● **Supplied data**:
=== Section Start ===

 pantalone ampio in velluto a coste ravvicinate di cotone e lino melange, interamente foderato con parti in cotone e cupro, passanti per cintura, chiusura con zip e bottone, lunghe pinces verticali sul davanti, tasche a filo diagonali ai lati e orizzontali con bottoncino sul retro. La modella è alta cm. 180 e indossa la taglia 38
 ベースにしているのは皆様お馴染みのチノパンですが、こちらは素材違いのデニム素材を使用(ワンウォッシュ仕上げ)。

=== Section End ===
=== Section Start ===

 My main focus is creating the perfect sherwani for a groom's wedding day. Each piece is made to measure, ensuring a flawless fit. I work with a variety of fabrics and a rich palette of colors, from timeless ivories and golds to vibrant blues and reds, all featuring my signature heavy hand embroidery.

=== Section End ===

● **Prompt**:
Copy verbatim, from the listing above, each line from the one containing "pantalone ampio in" down to the one containing "ベースにしているのは皆様お馴", inclusive.

● **Result for this task**:
 pantalone ampio in velluto a coste ravvicinate di cotone e lino melange, interamente foderato con parti in cotone e cupro, passanti per cintura, chiusura con zip e bottone, lunghe pinces verticali sul davanti, tasche a filo diagonali ai lati e orizzontali con bottoncino sul retro. La modella è alta cm. 180 e indossa la taglia 38
 ベースにしているのは皆様お馴染みのチノパンですが、こちらは素材違いのデニム素材を使用(ワンウォッシュ仕上げ)。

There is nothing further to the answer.